# [Task]
Copy the lines below, word for word, from the first through the line containing "National College Of". Leave the pictures out.

(Records from a collection)

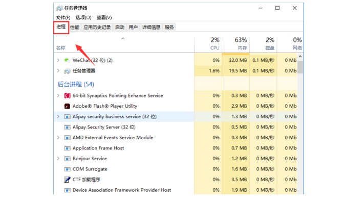 2、 打开任务管理器后,点击选择“进程”,如下图所示
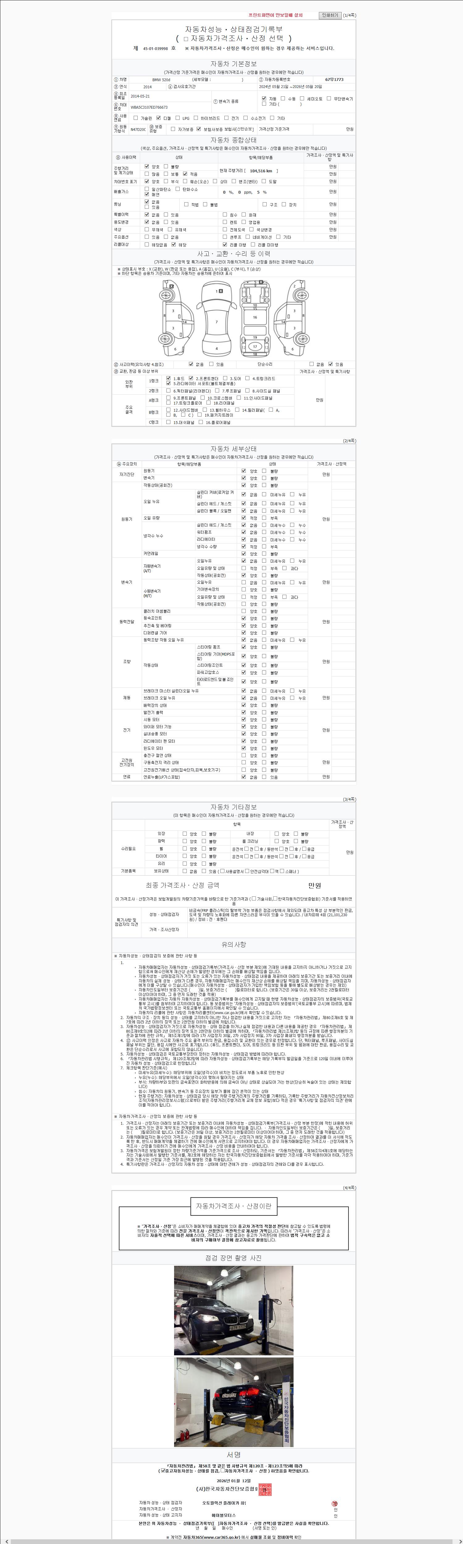 | 주행거리 | 104,516 km | 차량번호 | 67무1773 | 사고유무 | 성능기록부 참조 | 제시번호 | 제 2147483647 호 |
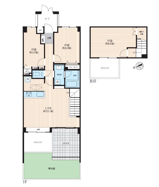 ご紹介する当室は、地下1階+1階のメゾネット住戸で、60.36㎡の2層空間を活かした開放感あるプラン。
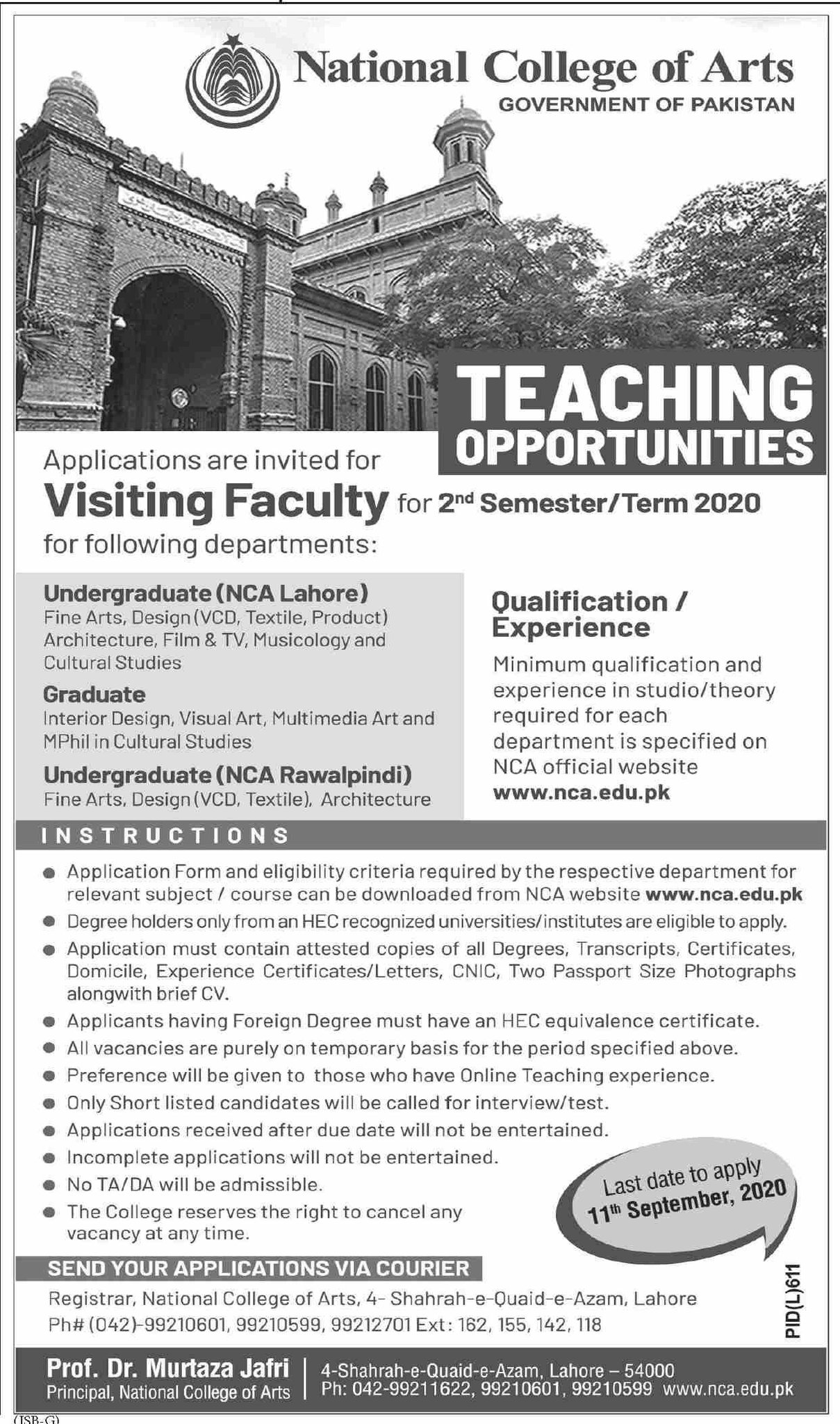 National College Of Arts Lahore Jobs Latest 2020 August Careers In Nca Lahore Punjab Daily Latest Jobs Daily Jobs In Pakistan From Leading Newspapers Latest By Kfr Com Pk Kick For Rise
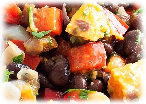 12 oz peeled cooked potatoes (red or white), cut into cubes ½ medium tomato, cut into 4 or more wedges¼ cup diced red bell pepper ¼ cup drianed whole-kernel corn2 Tbsp each: diced red onion and celery 4 pitted black olives, sliced1 ½ tsp seeded & minced chili (serrano or jalapeno) 1 tsp chili powder1 Tbsp plus 1½ tsp red wine vinegar 2 Tbsp vegetable oil½ tsp salt and a dash of pepperDirections:
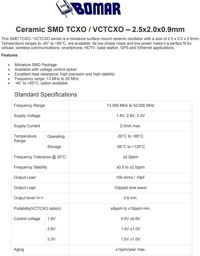 在 90 年代初期的強勁增長時期,Bomar晶振與一些精選的亞洲工廠建立了密切的合作關系,以生產符合 Bomar 規格的產品。只有在 Bomar 對其流程和產品進行了認證后,這些關系才得以建立。今天,Bomar 擁有大量晶體、時鐘振蕩器、VCXO壓控晶振和 TCXO晶振的低成本來源,繼續我們 50 年的承諾,即提供在價格、質量和客戶支持方面滿足或超過客戶期望的高性能頻率控制解決方案。Bomar晶振,B1701-DEAS3R-20.000000晶振,TCXO溫補晶振.
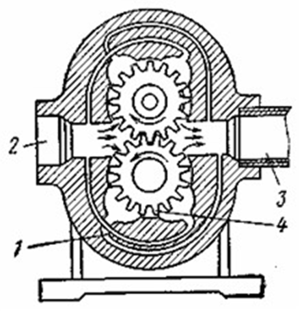 1 – разгрузочные канавки; 2 – всасывающее отверстие; 3 – напорный патрубок; 4 – ведущая шестерня
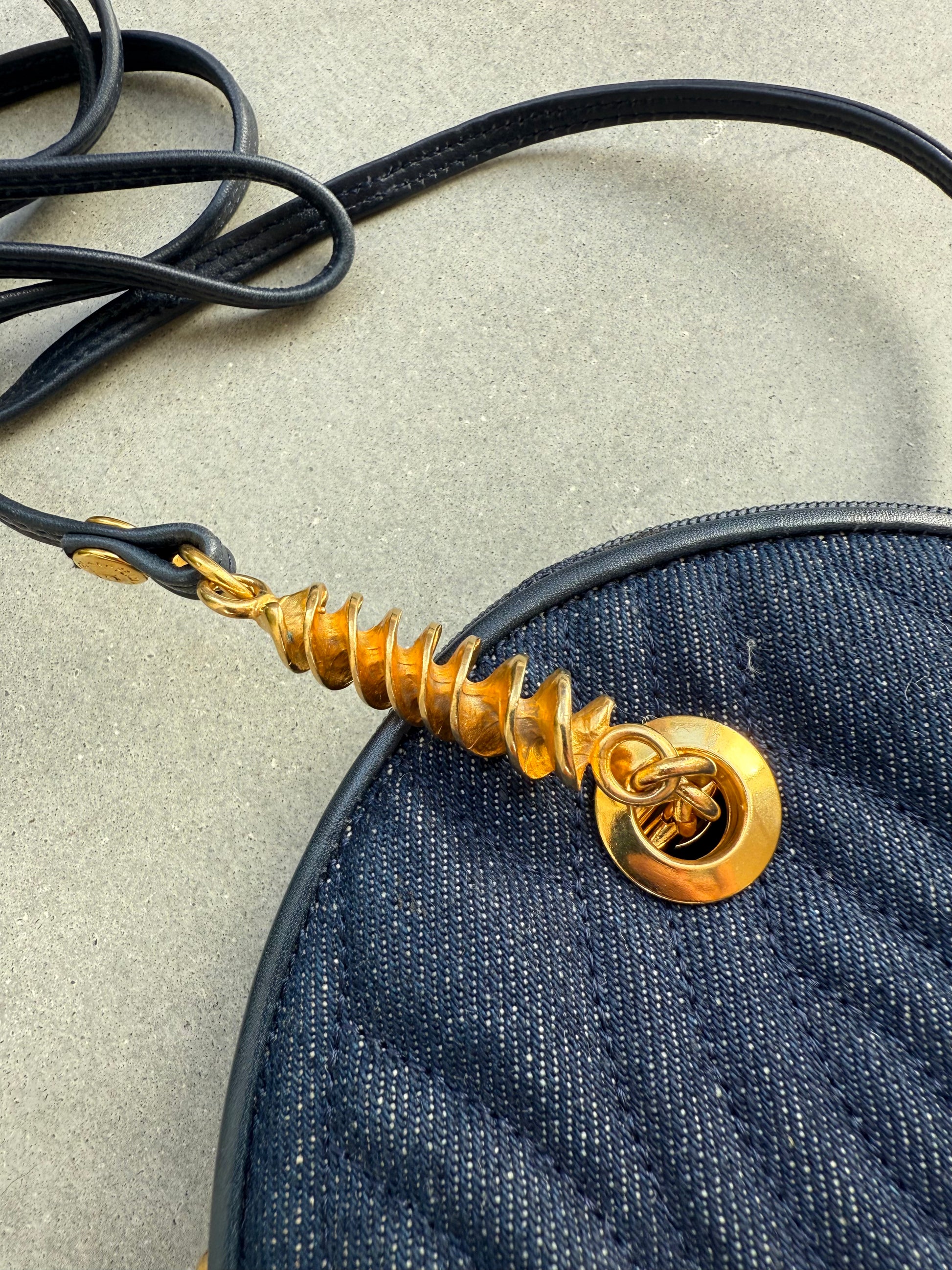 Add to your Karl Lagerfeld collection with this rare Fendi vintage “Pasta” bag. Featuring denim and gold hardware, with a striking gold-tone ‘fusilli’ spiral and a long cross-body strap. A true collector’s piece and conversation starter, perfect for vintage lovers and Fendi enthusiasts alike.

# [Task solution]
 2、 打开任务管理器后,点击选择“进程”,如下图所示
 | 주행거리 | 104,516 km | 차량번호 | 67무1773 | 사고유무 | 성능기록부 참조 | 제시번호 | 제 2147483647 호 |
 ご紹介する当室は、地下1階+1階のメゾネット住戸で、60.36㎡の2層空間を活かした開放感あるプラン。
 National College Of Arts Lahore Jobs Latest 2020 August Careers In Nca Lahore Punjab Daily Latest Jobs Daily Jobs In Pakistan From Leading Newspapers Latest By Kfr Com Pk Kick For Rise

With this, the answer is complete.